I've recently been researching for my own first build, and I came across the LM317 driver.

My plan to power my laser is to use supercapacitors, purely as an excuse to play with them as well. The thing is, because I'm using a flashlight, I have limited space. For the LM317 driver, I understand I'll need roughly 7.5V for a red diode. This is roughly 3 supercaps in series, which I might not have room for.

My question is this:

If all the LM317 is doing is regulating the current, what's to stop me just using a resistor to drop the remaining volts and limit the current? This would surely eliminate the need for the 3V needed to power the LM317? Which means I could use two supercaps in series, saving space, meaning I could maybe even get in another bank to retain capacitance lost from the caps being in series.

So why can't I just use a resistor? Am I missing something obvious?

Sam

It's just that what you already mentioned. The LM317 "Regulates" current and a resistor "Limits" current.

The LM317 will give a fixed current regardless of input voltage (within limits) while a resistor would let a certain current flow depending on the voltage across it. So once the voltage drops, current will also drop. Which is fine, until you connect a little higher voltage than usual and exceed the diode's rating and blow it. Laser diodes are touchy that they are very sensitive to even minor over currents and voltage spikes.

Like djquan said above, you CAN just use a simple resistor, BUT the current it allows will change with voltage, so it's only recommended if you're going to be underdriving the diode by a fair margin. For example, if you choose a resistor to run the diode at max on fully charged supercapacitors, when you go to charge them, the voltage will be a bit higher, the diode will get a higher current, and you'll pop it. Using a LM317/other driver means you can change the voltage around all you like and the current will always be the same.

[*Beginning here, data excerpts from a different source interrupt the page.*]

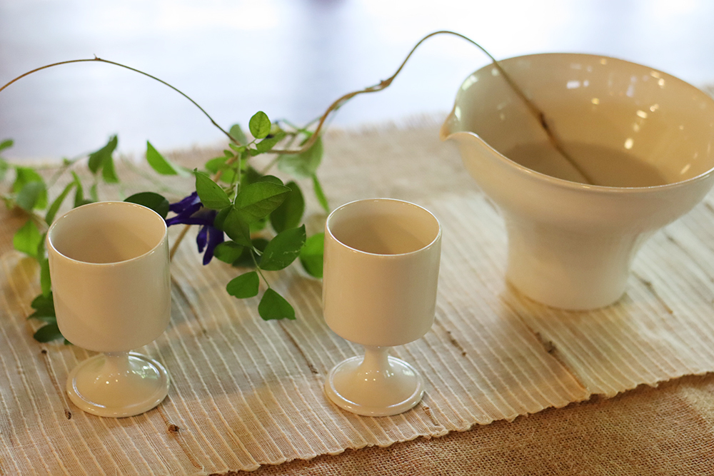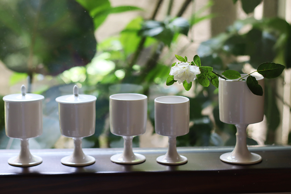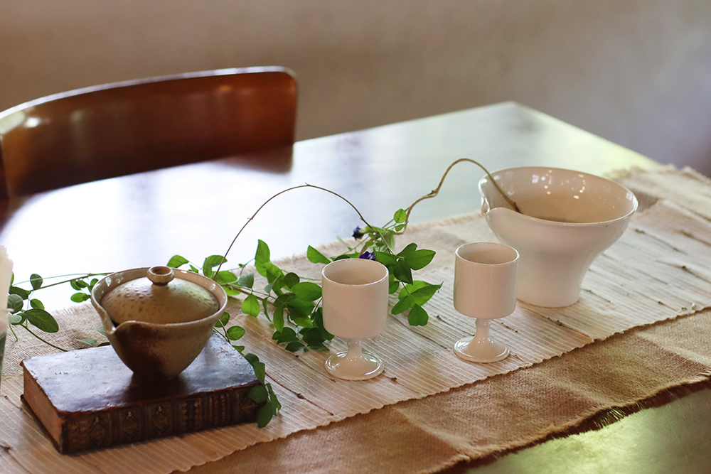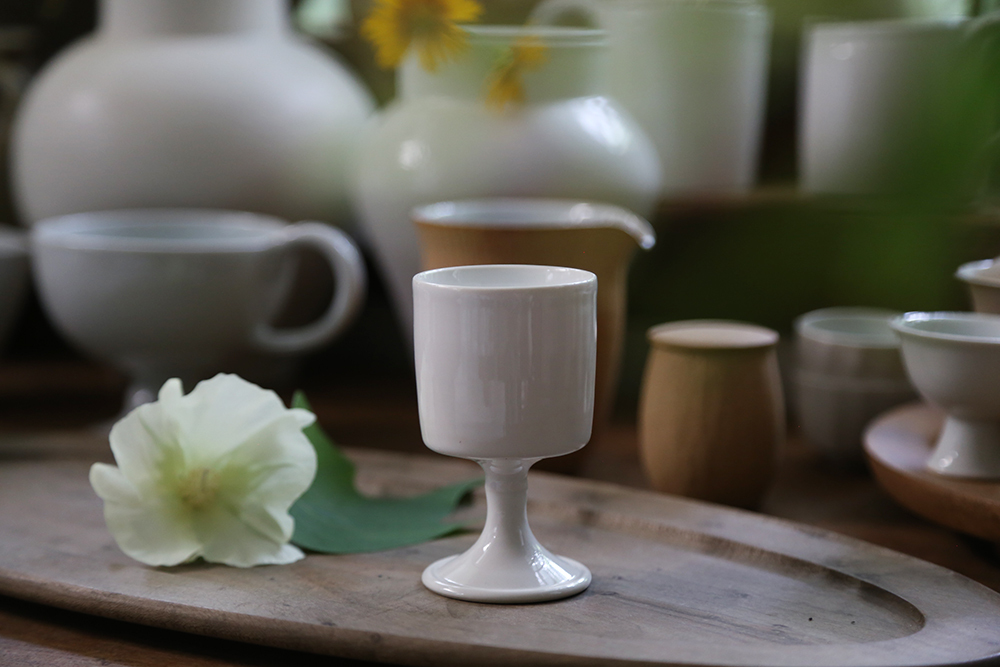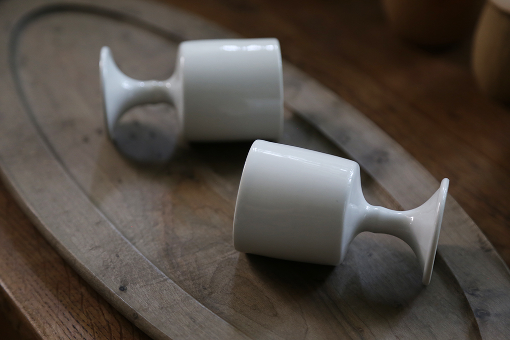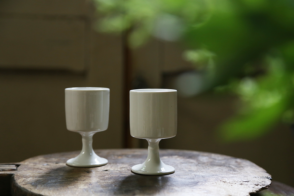 使用日本瓷土製作,土本身的密度極高傳熱快,燒製品杯時能讓杯具呈現更細緻
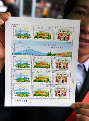 Updated: 2008-09-24 10:00 A post officer shows commemorative stamps during the launching ceremony of a set of commemorative stamps and envelopes in Yinchuan, capital of northwest China's Ningxia Autonomous Region, on Sept. 23, 2008. The commemorative collections were officially issued on Tuesday for the 50th anniversary of the founding of the Ningxia Hui Autonomous Region.[Xinhua] |
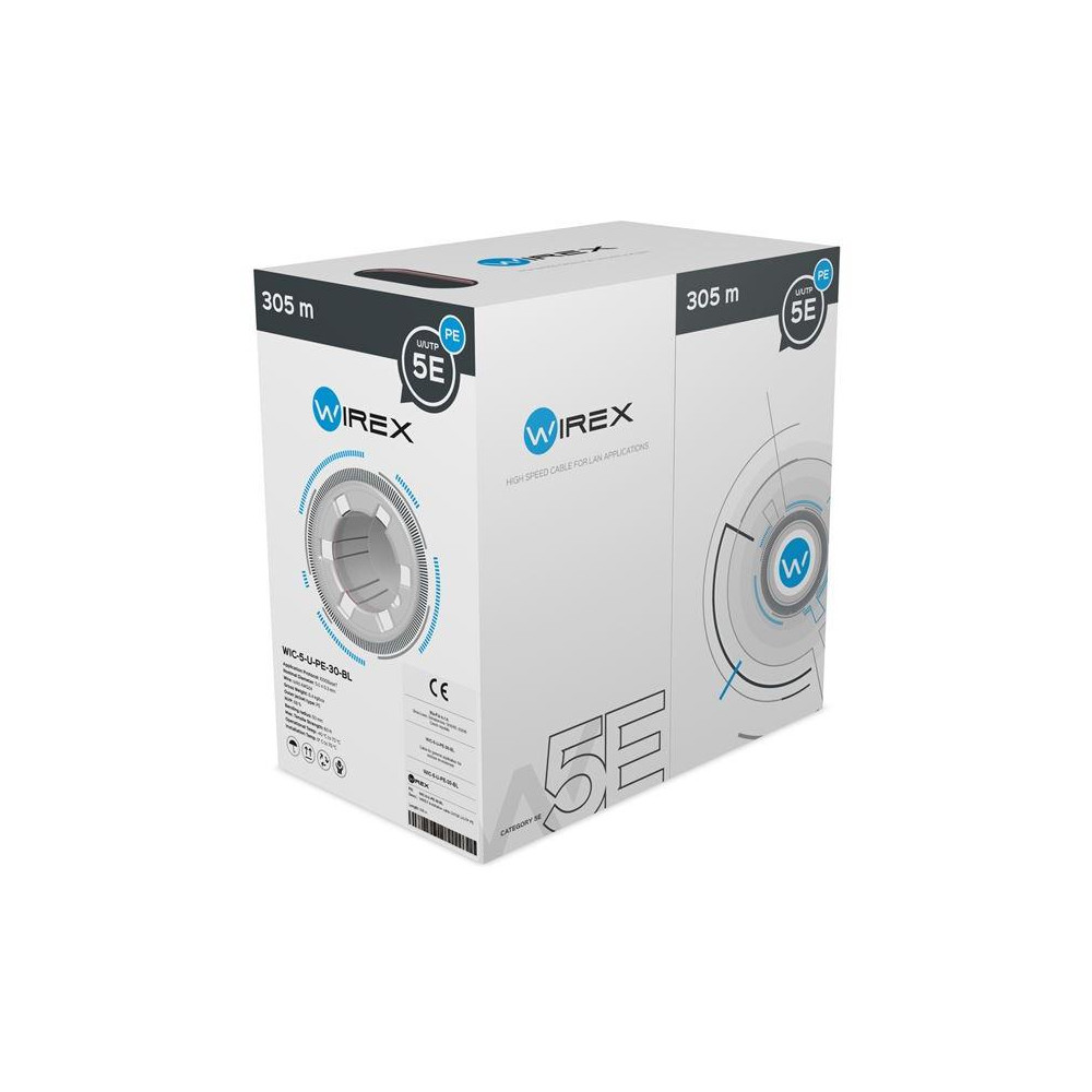 Instalační kabely WIREX se vyznačují vysokou spolehlivostí a stabilitou parametrů po celou dobu životnosti instalované metalické datové sítě. Zvládají nejnáročnější přenosové protokoly, které je možno dle standardů provozovat na kabelážích kategorie CAT5E. Tento typ kabelu je možno instalovat ve venkovním prostředí, kde kvalitní plášť odolává jak teplotním podmínkám, tak i slunečnímu záření. Kabel je dodáván v barevném boxu, díky kterému je možno rychle rozpoznat, o jaký typ kabelu se jedná v případě instalace, kde se používá několik typů kabelů. Pro přehlednost je metráž kabelu značena od 0 m do 305 m.
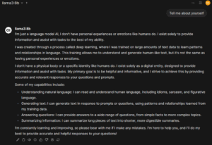 One thing that I did already learn is that the model I’m currently running – llama3:8b – is a “text only” model, meaning I can’t use it to generate cute images like the one above.  I was hoping to at least try it so I could compare processing times between my local setup and the big boys.  I guess that will be a task for another day.
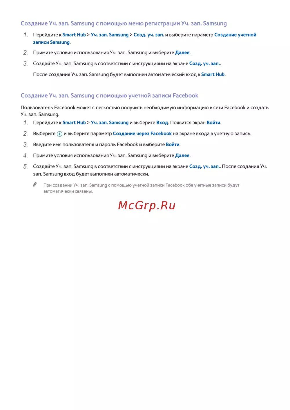 При создании Уч. зап. Samsung с помощью учетной записи Facebook обе учетные записи будут
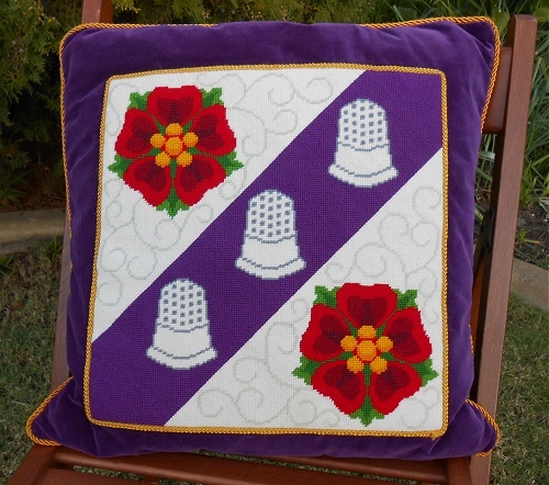 This cushion is worked in contentintal stitch with basket weave back. I used DMC Tapisserie wool with 14 count canvas. The wool was a tight fit on that canvas, but it made a firm, dense and durable cushion.
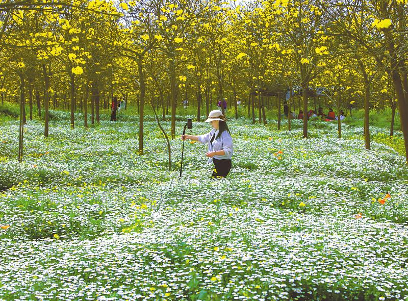 4月9日,成都市金堂县“金色春谷”的黄花风铃木和林间的菊花盛开,游客在花海中自拍。

I don't know where you got the 7.5V figure from. Vf of a regular red diode is at max about 3V, allowing 1.5V dropout means 4.5V would work fine.

I think the dropout for an LM317 in constant current mode is ~3V so he would need around 6V.

Indeed, forgot about the drop of the resistor which is 1.25V, so it'd be 2.7V. Still, well under 7.5V

Thanks guys, it was extremely late when I posted this and as soon as I woke up I realised what a stupid question it was and worked it out. For some reason last night, I was thinking that the resistor, once I'd worked out the current at a certain voltage, would then maintain that current should the voltage change, just like an lm317.

Just got to look at the dimensions of my host and figure out the best combination of super caps now! Who knows, I just might end up using rechargeable batteries!